=== Data records ===

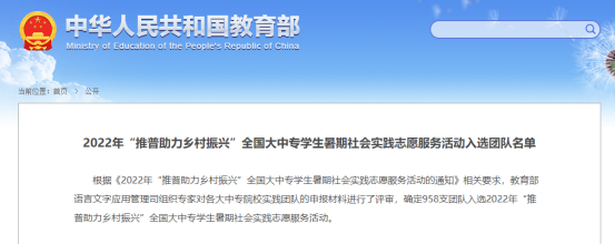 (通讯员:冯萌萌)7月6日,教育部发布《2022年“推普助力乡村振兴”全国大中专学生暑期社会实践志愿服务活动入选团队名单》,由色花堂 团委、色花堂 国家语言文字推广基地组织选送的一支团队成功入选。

===
=== Data records ===

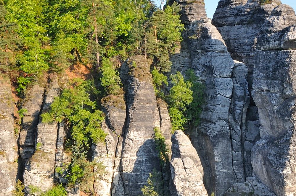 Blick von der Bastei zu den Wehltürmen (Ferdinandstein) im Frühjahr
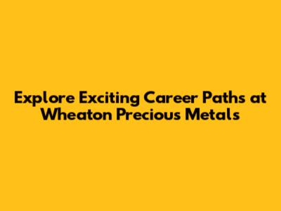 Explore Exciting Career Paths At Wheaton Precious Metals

===

■ **Task details**: For this exercise, reproduce exactly the lines of the records above from the one with "Blick von der" up to and including the one with "Explore Exciting Career", without pictures.

■ **Response for this exercise**:
 Blick von der Bastei zu den Wehltürmen (Ferdinandstein) im Frühjahr
 Explore Exciting Career Paths At Wheaton Precious Metals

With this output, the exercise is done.